Makita Batteries Degraded Performance, Few Months Old, Warranty?

Makita Batteries Help. Lawn mower related, but batteries can be used in their power tools line…

I purchased a Makita 36V 21 inch metal self prop mower. It used two 18V batteries. It came with four of them. Bought it a few months ago, brand new. I’m noticing huge degradation of performance. Have to chare batteries multiple times, when before didn’t have to.

When I first used the lawn mower, it was great. I mow my whole 3/4 acre lawn mower on one two set of batteries. The second time I mowed my lawn, I had to switch over to the other set about 4/5 of the way there. Third time, it got worse and it was about 3/5 of the way there before I had to switch over. I decided to turn off the self propulsion part of the lawn mower and just pushed it, seemed to help.

Now, however, I have to switch over to the other set, about 1/4 of the way there, charge the discharged batteries and continue on the second set of batteries. Stop at about 1/2 way, and wait for the other set to fully charge. Once it’s charged switched them out from the charger and continue charging the other set, then I can finish mowing the lawn without having to stop again.

It seems that if I charge my batteries right before using them, they lost longer. Where if I don’t use them for a few days, they don’t last as long. I’m wondering if this is a common issue or if I should possibly try and return them? I like the mower a lot, but the batteries don’t seem to be working as good as when they were brand new. Maybe it’s possible to get the batteries replaced under warranty?

I’ve never had this issue with my Milwaukee batteries for impact wrench, or my DeWalt batteries for my other tools.

Thanks for any help.

I don’t think that’s right. My Ryobi mower used about 3/4 of one battery when it was new two years ago. It still uses about 3/4 of one battery, give or take.

Same here, my EGo mower battery works as well as it did 4 years ago.

LiON batteries like to be charged before use. They can do OK if left in a charged state but don’t expect full service if used that way. One sure way to kill them is to run them hard and immediately, while they are still quite hot, slap them in the charger. They need to cool down before you attempt to charge them again. Don’t run them down completely either. Once they start to show signs of being exhausted, let them cool and place on the charger. They do not exhibit any memory issues so shallow discharge and recharge is not an issue for them. Once charged, remove them from the charger- don’t leave them connected to the charger indefinitely.

I have several Ryobi 40V lawn mower-outdoor items, and have (4) batteries. I can usually mow my whole yard on about 2 to 3 batteries. It’s been this way ever since I first got the equipment 4 years ago or so. Of course, one factor is if the grass it tall, thick, or wet. I think the blade sharpness plays a role, too.
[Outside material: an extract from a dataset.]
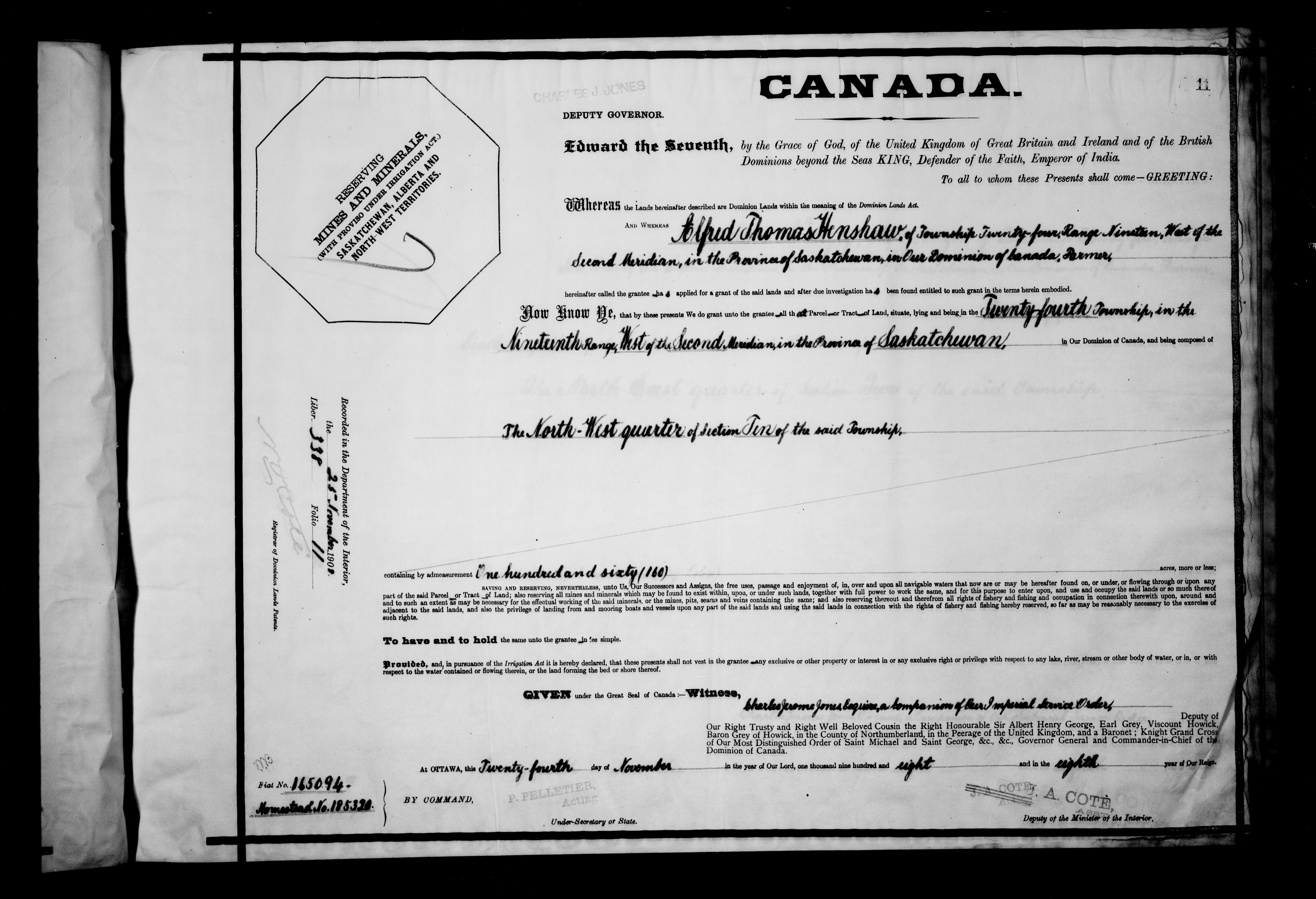 Canada. Department of the Interior : Letters patent : C-6204

Here’s a question, which someone else kind of touched on. Do you keep your batteries on the charger all the time, or take them off when fully charged, let them sit for week until you mow again, and then use? I keep mine on the charger all the time, even in the winter. It occurred to me that if you’re charging the batteries after use, removing them from the charger, and then using them to mow a week later, that could be a factor here.

Overall I’m a huge fan of the battery powered lawn equipment. It’s so much easier to deal with than gas powered stuff.

No Makita Li Ion battery experience, but I only had to replace the NiCads for the Makita driver-drill once in 30 years. I’m not a heavy duty construction worker , but use it some most every week. IMO battery power for a lawnmower isn’t a good choice if you have to mow 3/4 acre. Either purchase a gasoline lawnmower, or just replace the batteries when they won’t take a charge.

Your problem might not be the batteries. Occasionally a charger will sense a full charge before the battery is even partially charged. I had this issue with one of my Ryobi chargers once. But every time you buy a new tool during one of their sales, you get a new battery and charger so I just tossed the bad charger, still have two in the wings waiting for one of the others to fail.

Most Lion battery chargers will not over charge. They are designed to bring the battery to full charge and stop. Which is when you see the green light.

Of course. A properly designed charger AND battery are safe to leave attached. But do you know if they were properly designed and are safe? Even you mentioned most. :wink: The hazard is real and more pronounced than any other preceding battery technology. I only buy products, packs and chargers with the appropriate certifications and regulatory compliance but I will not leave them plugged in for extended periods, unattended.

A smart plug with a timer function is nice for this. When I plug in our cordless vacuum to charge, I set the plug to shut off in a few hours so that I don’t have to remember to unplug it.